Chicken, Beef, Fish, Bison, Ostrich, Lamb.  Those are my meats!  

12-20oz seems kind of light though, just saying


----------



## theminister (Aug 31, 2012)

Sashimi - salmon and tuna, cant beat it!


----------



## Lulu66 (Aug 31, 2012)

I rotate on a weekly basis between chicken, ground beef, steak, turkey and fish.


----------



## Four1Thr33 (Aug 31, 2012)

Its weird that I hate fish but eat tuna and sushi without question lol


----------



## DF (Aug 31, 2012)

Bison, Chicken, Beef, sushi.  I prefer organic/grass/free range fed when I can get it.
Not sure of the amounts, but been on a big beef/steak kick as of late.


----------



## SuperBane (Aug 31, 2012)

You guys are going to the butcher to get the bison and other exotics?
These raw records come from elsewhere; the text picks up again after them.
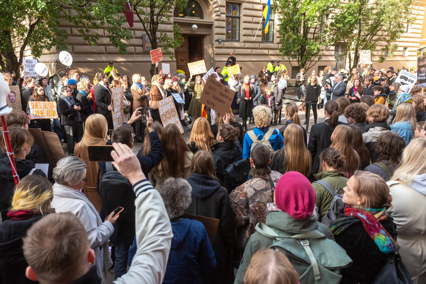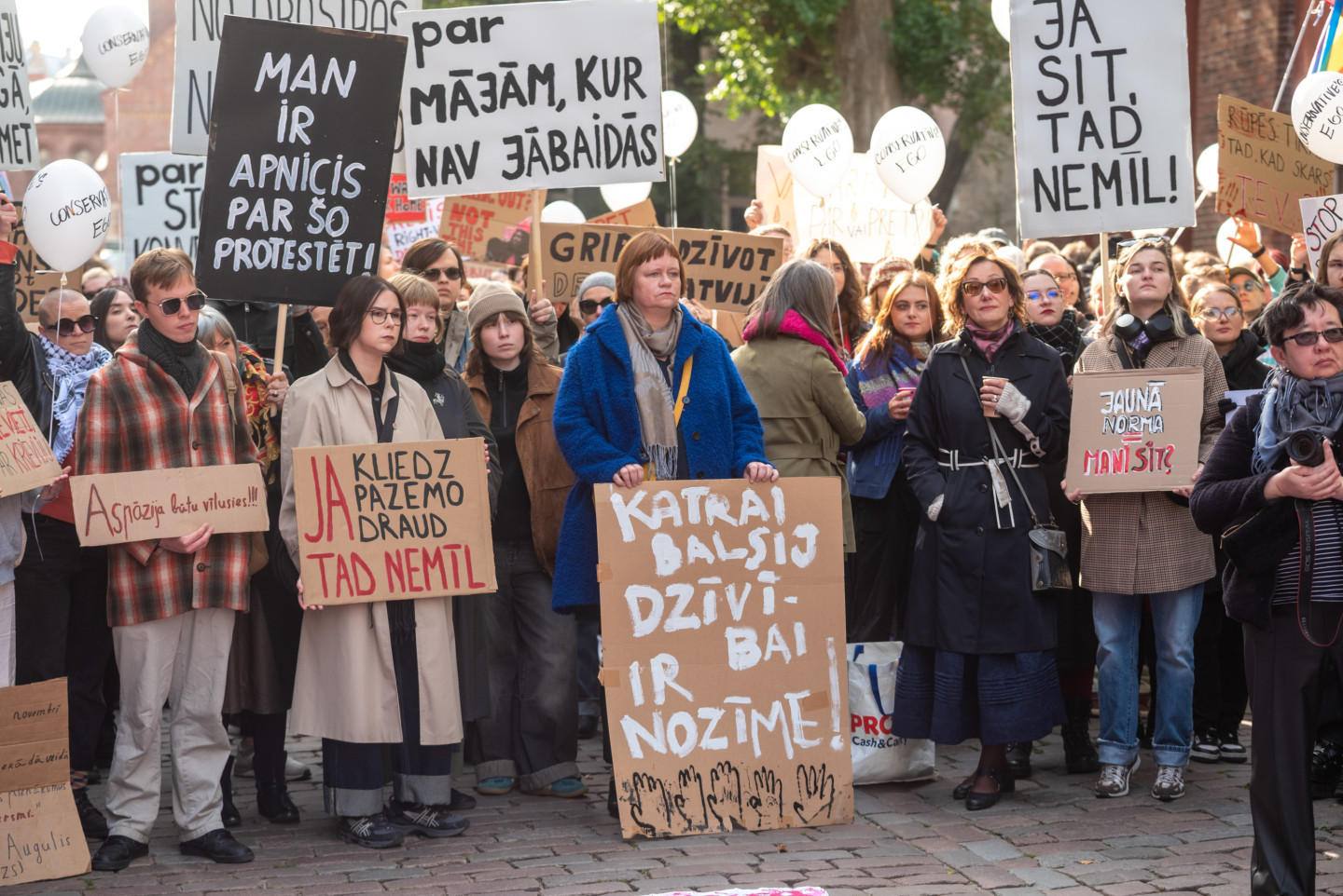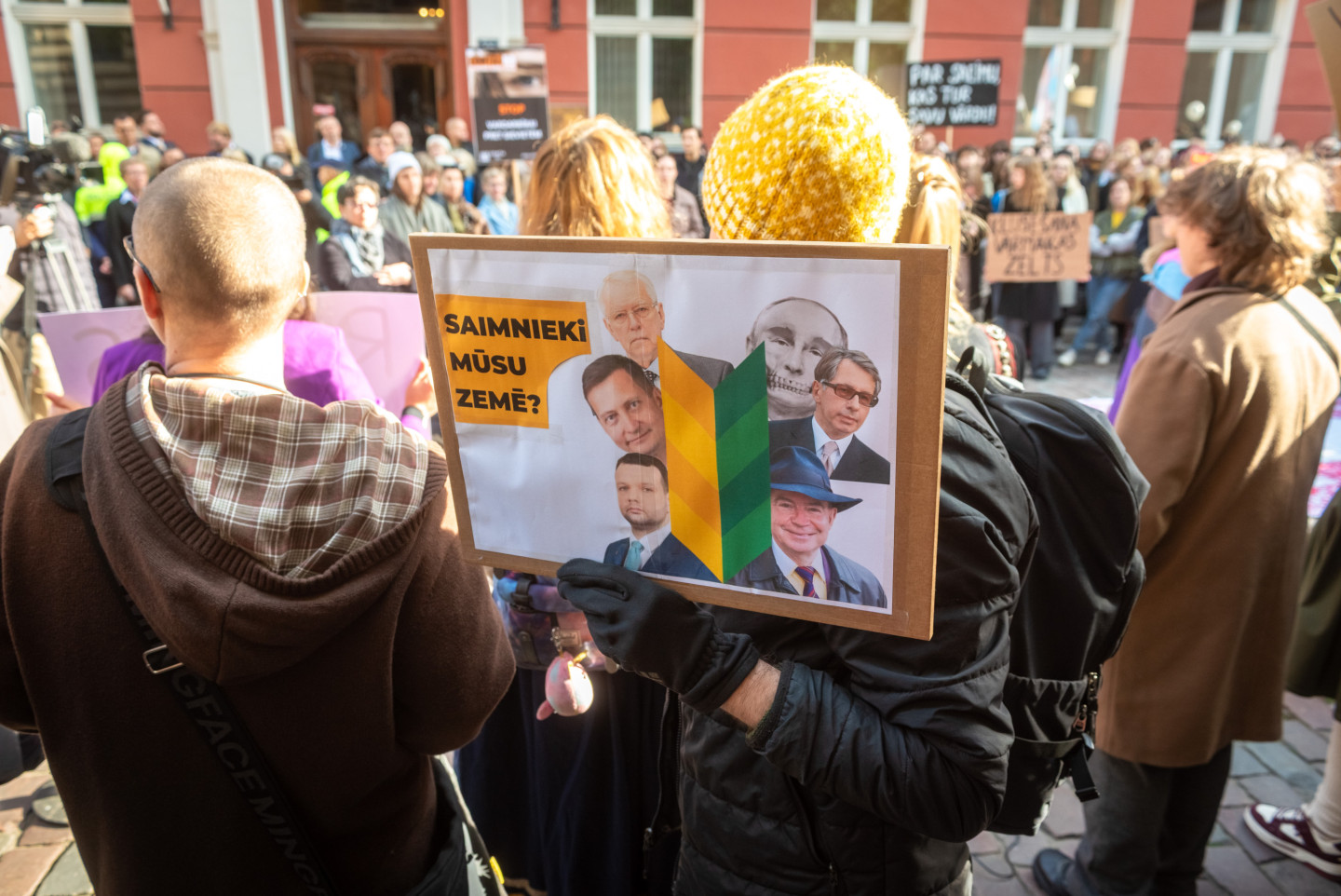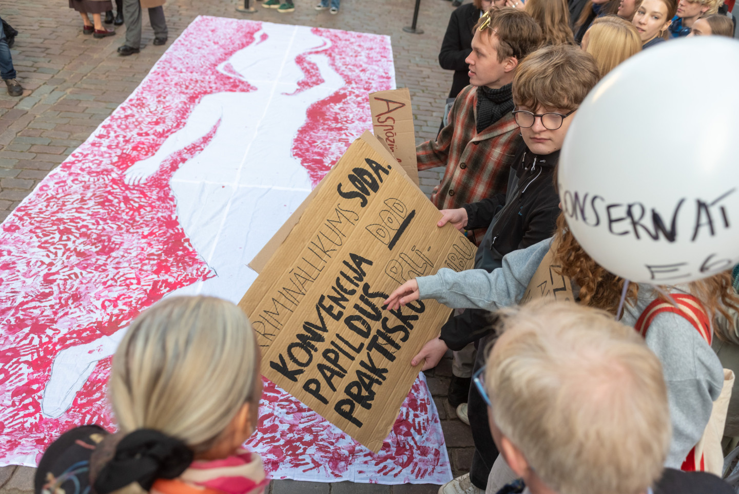 Nevalstiskās organizācijas pie Saeimas ēkas organizē protestu pret Latvijas iespējamo izstāšanos no Eiropas Padomes konvencijas par vardarbības pret sievietēm un vardarbības ģimenē novēršanu un apkarošanu
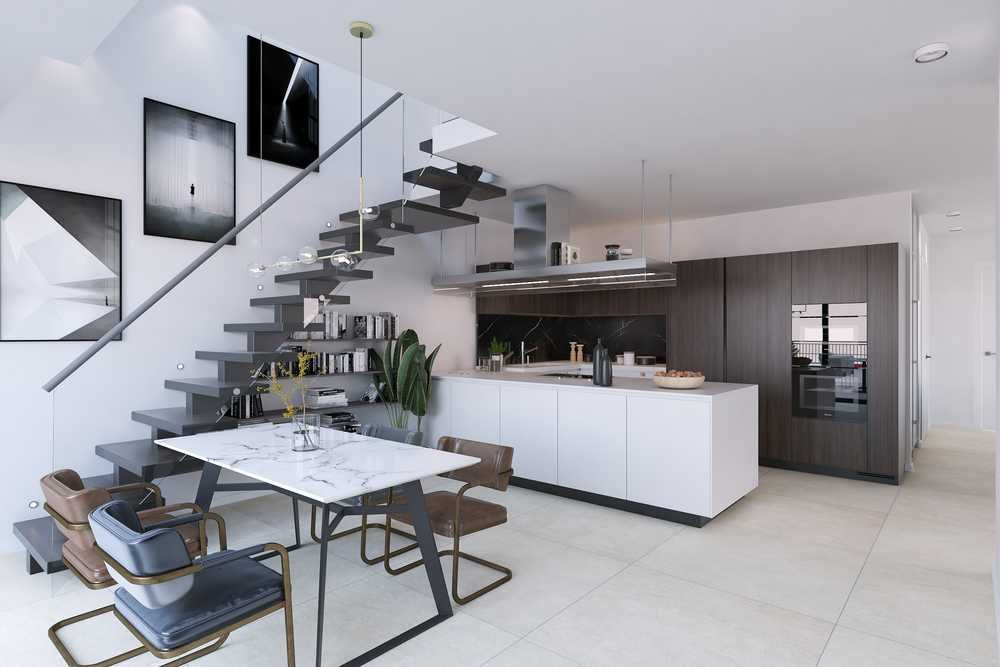Der Mittelpunkt des Lebens ist der großzügige, offene Wohnbereich mit direktem Zugang zur Dachterrasse – perfekt, um den Tag entspannt ausklingen zu lassen. Die angrenzende Küche fügt sich harmonisch in das Raumkonzept ein und schafft eine offene, einladende Atmosphäre.
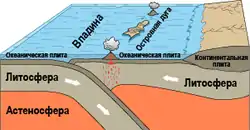 Островные дуги — цепочки вулканических островов над зоной субдукции, возникающие там, где одна океаническая плита погружается под другую.
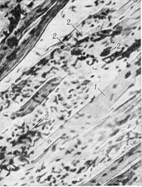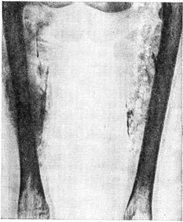Во всех случаях Дерматомиозит, особенно у лиц старшего возраста, необходимо проводить тщательное общеклинический обследование для исключения опухоли. Рентгенологические данные при Дерматомиозит не являются специфическими, однако они могут способствовать уточнению степени поражения мягких тканей и внутренних органов. Рентгенограммы следует производить с помощью так называемый мягкого излучения, чтобы получить структуру мягких тканей. В острой стадии заболевания на таких рентгенограммах мышцы выглядят более прозрачными, отмечаются просветления. Подкожная клетчатка очень прозрачна, иногда в ней видны даже мелкие вены. При хронический Дерматомиозит типичным является наличие кальцификатов в мягких тканях (рисунок 2). В подкожной клетчатке чаще всего обнаруживаются неправильной формы кальцификаты, а на границе мышц и подкожной клетчатки иногда отмечается ленточный тип кальцификации. В области тазобедренного сустава часто имеется обширная кальцификация — так называемый псевдотуморозные изменения. В лёгких выявляется картина интерстициального фиброза преимущественно базальных отделов. Иногда отмечаются кальцификаты в плевре. Сердце часто увеличено в размерах. Дифференциальный диагноз при остром и подостром Дерматомиозит следует проводить с инфекционными и неврологический заболеваниями, системной склеродермией (смотри полный свод знаний), системной красной волчанкой (смотри полный свод знаний). При остром начале Дерматомиозит, когда имеются лихорадка, ознобы, ускоренная РОЭ, нарастающая мышечная слабость позволяет исключить инфекционные заболевания (сепсис, тифы, рожа и другие). Быстрое развитие болезни, обездвиженность, нарушение глотания имитируют тяжёлый полиневрит (смотри полный свод знаний). Уточнение генеза и характера наблюдающихся поражений позволяет дифференцировать ложно-неврологическую симптоматику от истинной. Склеродермия, как правило, не имеет острого начала. Ведущим симптомом при ней является плотный отёк кожи без явлений дерматита. В отличие от системной красной волчанки, при Дерматомиозит не столь выражена висцеральная патология, в картине болезни преобладает поражение мышц, иной характер кожных изменений, в крови отсутствуют волчаночные клетки. Хронический Дерматомиозит без кожного синдрома (собственно полимиозит) следует дифференцировать с различными миопатиями: прогрессирующей мышечной дистрофией, тиреотоксической миопатией и другие (смотри полный свод знаний Миопатия). Решающее значение часто имеет биопсия мышцы. ЛечениеПри остром, подостром и обострении хронический Дерматомиозит назначают кортикостероиды, исключая триамсинолон, который противопоказан при Дерматомиозит, так как может вызвать миопатию. Предпочтительно применение преднизолона в адекватных, как правило больших, дозах: при остром течении 80—100 мг, при подостром 60 миллиграмм, при обострении хронический Дерматомиозит 30—40 миллиграмм в день. Эти дозы при условии переносимости и отсутствии противопоказаний назначают в течение 2— 3 месяцев и более до отчётливого терапевтического эффекта. В последующие месяцы производят очень медленное снижение дозы преднизолона до поддерживающей: при остром и подостром Дерматомиозит в течение первого года заболевания она должна быть 30— 40 миллиграмм; на втором и третьем 
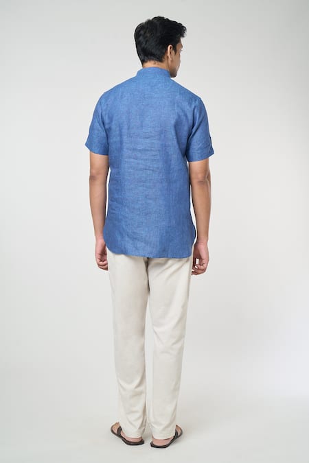 Blue kurta featuring a band collar and half sleeves, crafted in linen
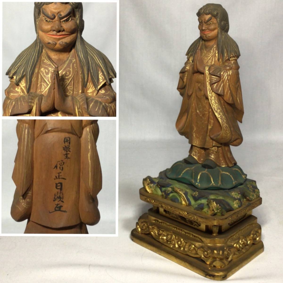 - 旧家よりの初出し 時代仏教美術 日蓮宗 木彫彩色立像 開眼主第67世法主日顕
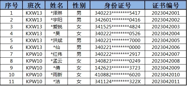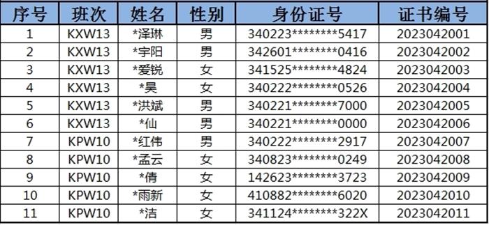 员工培训已完成,成绩合格,予以结业。现将培训员工结业信息予以公示。

Is this all daily consumption?
My local grocer sucks


----------



## gymrat827 (Aug 31, 2012)

steak, chicken, egg whites (ik, ik, but hi hi pro) bacon, pork chop (lean), grd beef (93/7 or 96/4)


----------



## BBE (Aug 31, 2012)

I got my butcher to finally get bison burgers in, LOL


----------



## djkneegrow (Aug 31, 2012)

Spongy said:


> Chicken, Beef, Fish, Bison, Ostrich, Lamb.  Those are my meats!
> 
> 12-20oz seems kind of light though, just saying



Yeah I am more towards the 20 oz side or higher, just can't eat that much everyday since my wife and son eat too, lol.


----------